The research would be on the science of dyslexia, including the 
early identification of individuals with dyslexia, professional 
development for teachers and school administrators, and 
curricula development and educational tools. I fully support 
funding more research in language-based learning disabilities, 
including dyslexia.
    But I do have to point out that this bill does not provide 
NSF with additional money to fund that research. Rather, it 
requires NSF to use existing funding. Although I support more 
funding for dyslexia research, in the current environment of 
flat research budgets, I would have liked to see additional 
money provided for the priority in the bill.
    But with that said, I do support the goals and intentions 
of the legislation, and I want to thank our witnesses for being 
here today. I look forward to the testimony, and I thank you, 
Mr. Chairman, and I yield back.
    [The prepared statement of Ms. Johnson of Texas follows:]
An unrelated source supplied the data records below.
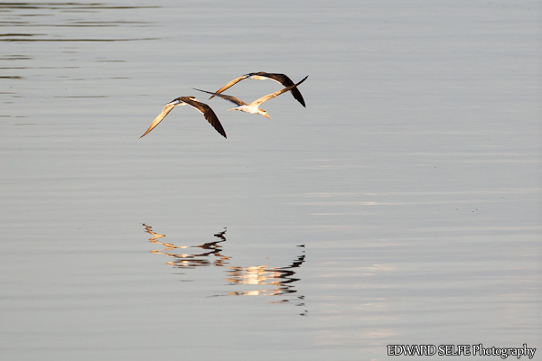 I watched this pair and their chick hunting up and down the river at last light.
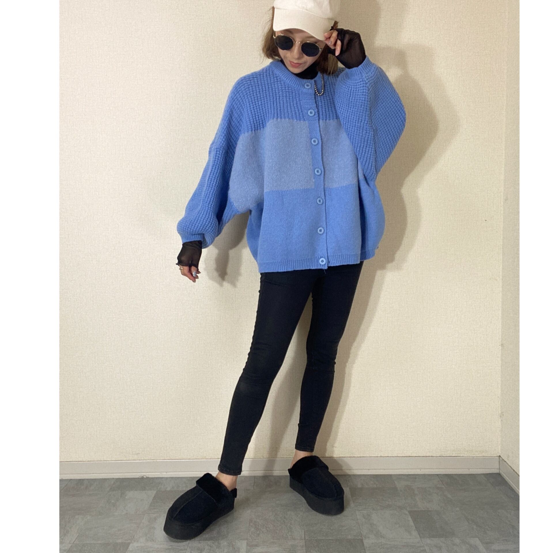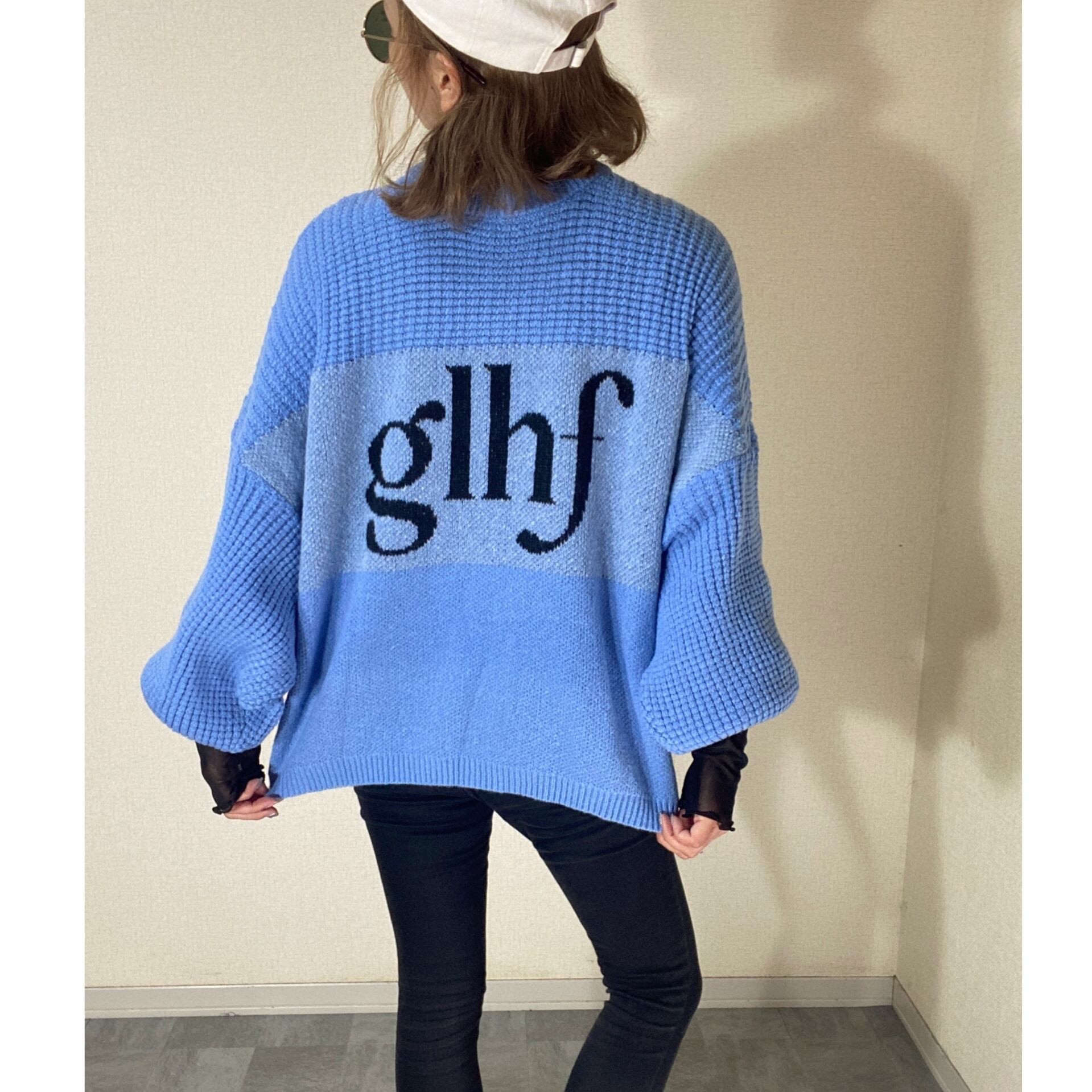 前後2WAY ロゴジャガードカーディガンニット blue
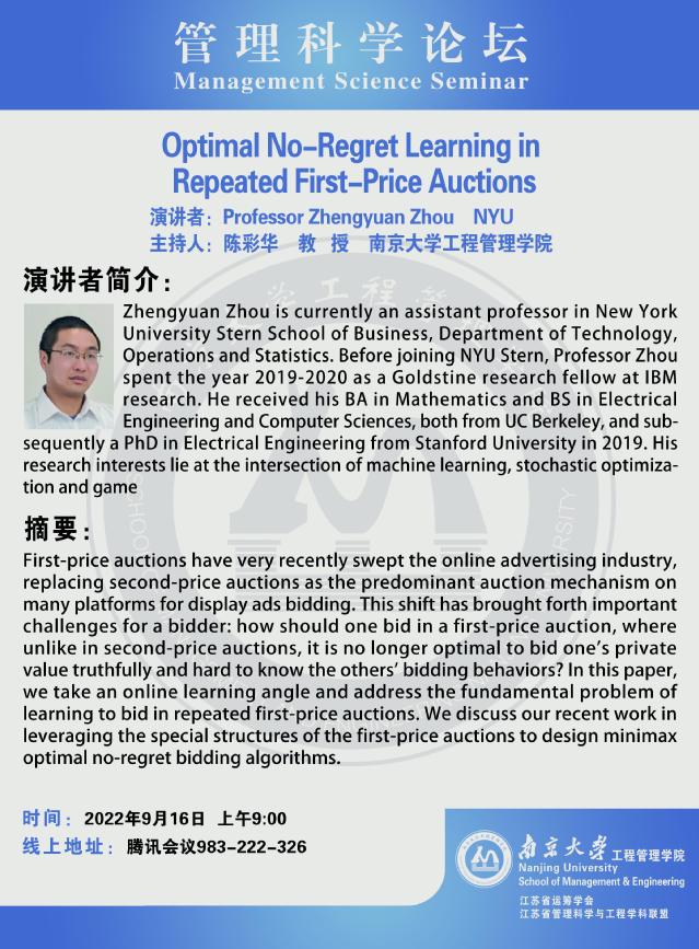 管理科学论坛:Optimal No-Regret Learning in Repeated First-Price Auctions
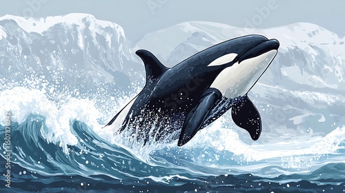 © badjoell, Fototapeta premium Orca leaping through a wave in the icy sea.
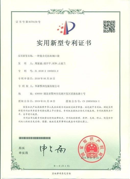 近日,華新包裝公司研制的“一種復(fù)合無紡布閥口袋”獲得了國家知識產(chǎn)權(quán)局頒發(fā)的實(shí)用新型專利證書,專利期限為10年,這是該公司獲得的第十項專利。
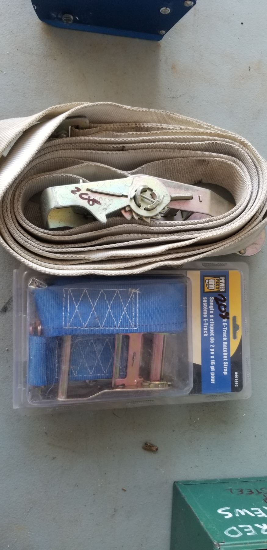 TWO RATCHET STRAPS 2" , ONE WITH E TRACK

             Prepared Statement of Committee Ranking Member
                         Eddie Bernice Johnson

    Thank you, Mr. Chairman, for holding this hearing. I want to thank 
the witnesses for being here today. I look forward to hearing your 
testimony.
    I have known several people who have dyslexia. Although dyslexia is 
a lifelong condition, if someone gets proper diagnosis and instruction, 
they can succeed in schools and go on to have successful careers. I 
would not be surprised if we have some examples of that in the room 
today. The Science, Space, and Technology Committee oversees most of 
the federal nondefense R&D, but we do not directly oversee the lead 
agency for dyslexia research, which is NIH.
    Moreover, we do not oversee the Department of Education, which 
supports educational programs and provides services for students with 
learning disabilities, including dyslexia.
    However, we do oversee the National Science Foundation, which 
supports fundamental research that provides a foundation for dyslexia 
research as well as educational research.
    Although several of the Directorates at NSF fund research that 
contributes to the science of dyslexia, the majority of the NSF-funded 
research relating to dyslexia is supported by the Social, Behavioral, 
and Economic Sciences Directorate and the Education and Human Resources 
Directorate-two important NSF Directorates.
    For example, the Social, Behavioral, and Economic Sciences 
Directorate funded the Science of Learning Centers Program, which 
supported six large-scale, long-term, interdisciplinary centers that 
have made significant contributions to learning research.
    I look forward to hearing from Dr. Tallal about the Temporal 
Dynamics of Learning Center of which she is a co-Director. This Center 
focuses on understanding the role that timing plays in learning and 
applying that research to improving educational tools and practices. 
Since processing language is one of the fastest things we do, it is 
clear that timing plays a critical role in understanding speech and 
language. While the Centers program is not awarding new grants, SBE 
continues to be a leader in funding the science of learning research.
    Today we are going to talk about H.R. 3033, the Research Excellence 
and Advancements for Dyslexia or the READ Act.
    This bill would require NSF to have a line item for the Research in 
Disabilities Education program in NSF's Education Directorate and to 
fund at least $5 million dollars a year on dyslexia research. The 
research would be on the science of dyslexia, including the early 
identification of individuals with dyslexia, professional development 
for teachers and school administrators, and curricula development and 
educational tools.
    I fully support funding more research in language-based learning 
disabilities, including dyslexia. But I do have to point out that this 
bill does not provide NSF with additional money to fund that research. 
Rather, it requires NSF to use existing funding.
    Although I support more funding for dyslexia research, in the 
current environment of flat research budgets, I would have liked to see 
additional money provided for this priority in the bill.
    But with that said, I do support the goals and intentions of this 
legislation.
    I want to thank the witnesses for being here today. I look forward 
to your testimony and the Q&A.
    Thank you, Mr. Chairman, and I yield back the balance of my time.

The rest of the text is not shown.